In this research the parameters “Orientation”, “Properties,” and “Practical domain” help in the navigation of the collected databases community. The parameters: “Partner databases” and “Ontologies list” show the integration of this specific database into the other databases. The parameters: “Search by” and “Program interface” make tools in integration technology.

3. Results

3.1. Microbial Databases—Microbial Culture Collection (CC) Interconnection

The total number of Life Science database names or references identified in this study was more than 14,800. The total number of database references inspected manually exceeded 5500.

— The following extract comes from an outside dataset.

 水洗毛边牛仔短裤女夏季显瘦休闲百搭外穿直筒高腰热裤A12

We collected 2667 visible online Life Science databases, from which 1123 had microbial data (Figure 1). These 1123 databases are contingently represented by an ellipse.

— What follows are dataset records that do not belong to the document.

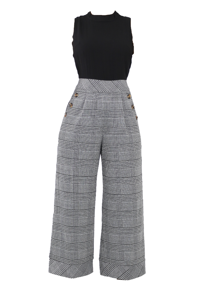 Step into sophistication with this sleeveless jumpsuit, where classic design meets modern elegance. Elevate your style effortlessly, showcasing a timeless pattern in a sleek sleeveless silhouette that effortlessly transitions from day to night.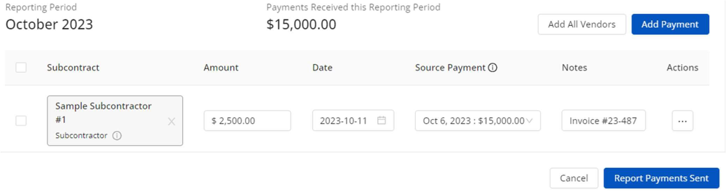 - Enter the Amount, Date, Source Payment, and Notes for each subvendor listed, then click “Report Payments Sent”. See important payment reporting notes/tips below: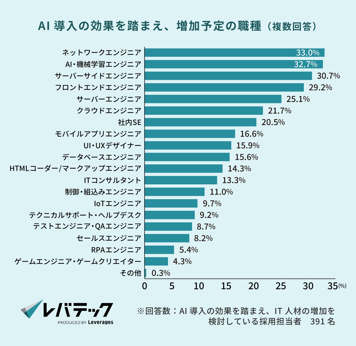増員予定と回答した企業に、今後増やしたい職種を尋ねたところ、「ネットワークエンジニア」「AI・機械学習エンジニア」が上位に挙がりました。AI活用が進む中で、AI技術そのものを担う人材に加え、安定したシステム運用やセキュリティを支えるインフラ領域のIT人材に対する需要が高まっている状況がうかがえます。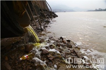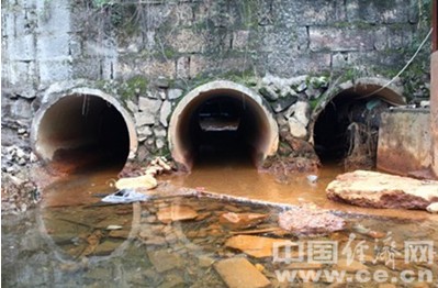 Bentley零件泰朗鋼管廠區背后,一根德系車零件直徑約 2 米的管道將亮黃色污水排入甌江。

As of December 2022, the World Data Centre for Microorganisms (WDCM) collected information related to 824 microbial culture collections (CC or mBRC) from all over the world, and published online the Culture Collections Information Worldwide (CCINFO) information system [2]. These collections are presented by the circles on bottom right side of the figure.
From these 824 microbial culture collections, 148 collections shared their catalog data and made them accessible via the Global Catalog of Microorganisms data portal GCM/WDCM (http://gcm.wfcc.info/ (accessed on 30 October 2022)) [2].

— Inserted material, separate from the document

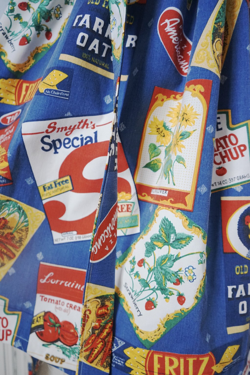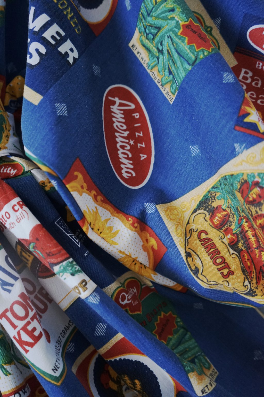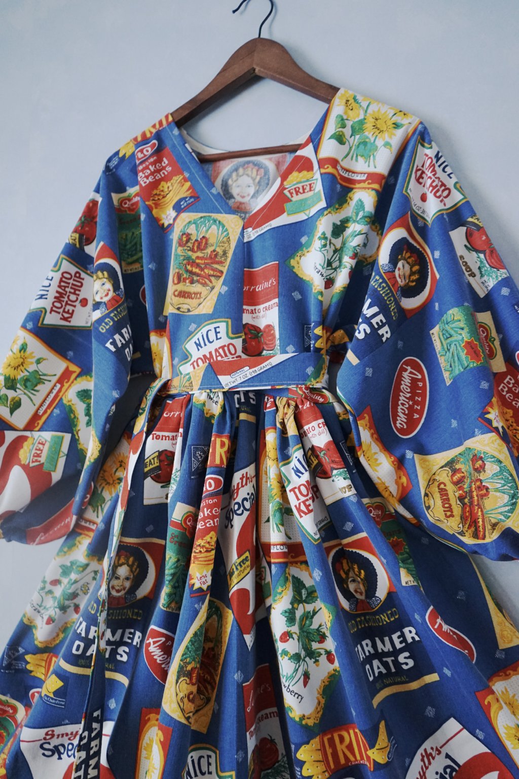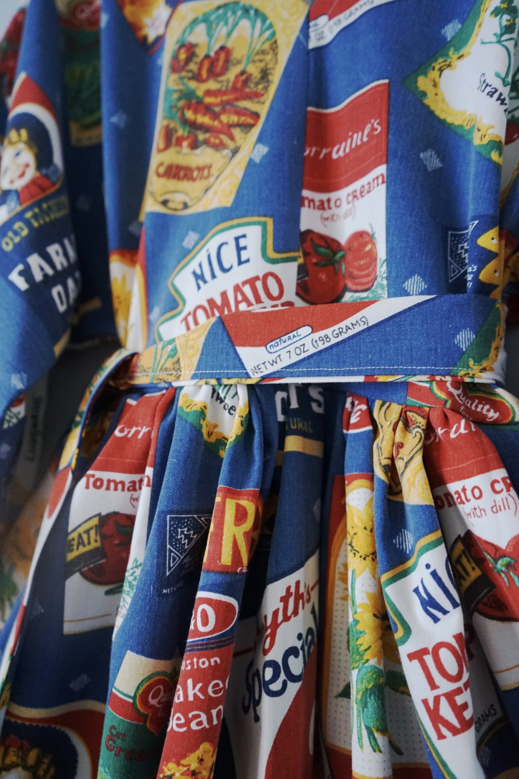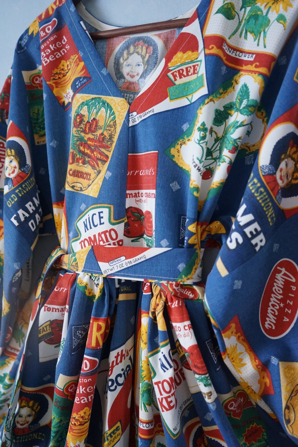 Tyto záclony z pevné bavlny s potiskem vintage amerických log je jedna z nejlepších věcí, co jsem ve finských sekáčích našla! A tak jsem pracovala tak, aby vznikly šaty s minimálním, ale opravdu téměř nulovým zbytkem látky, protože jsem ji všechny potřebovala využít! Opravdu bohatá řasená sukně skrývá kapsy a velké balónové rukávy tu byly samozřejmostí. Můžete je nosit s Včkem vepředu, i vzadu. Pásek je součástí šatů.

On average, information in each catalog had no connections to other catalogs or to other databases.
In [3], it was presented that approximately only 10% of the information on microorganisms in Life Science databases referred to strains in microbial culture collections. It was also discovered that:
-
There were mostly no links to microbial catalogs,
-
The strains interconnection service called Histri in the former Straininfo system was currently not available.
For these reasons we indicated the “<10%” connection from Life Science to microbial strains catalogued in Culture Collections.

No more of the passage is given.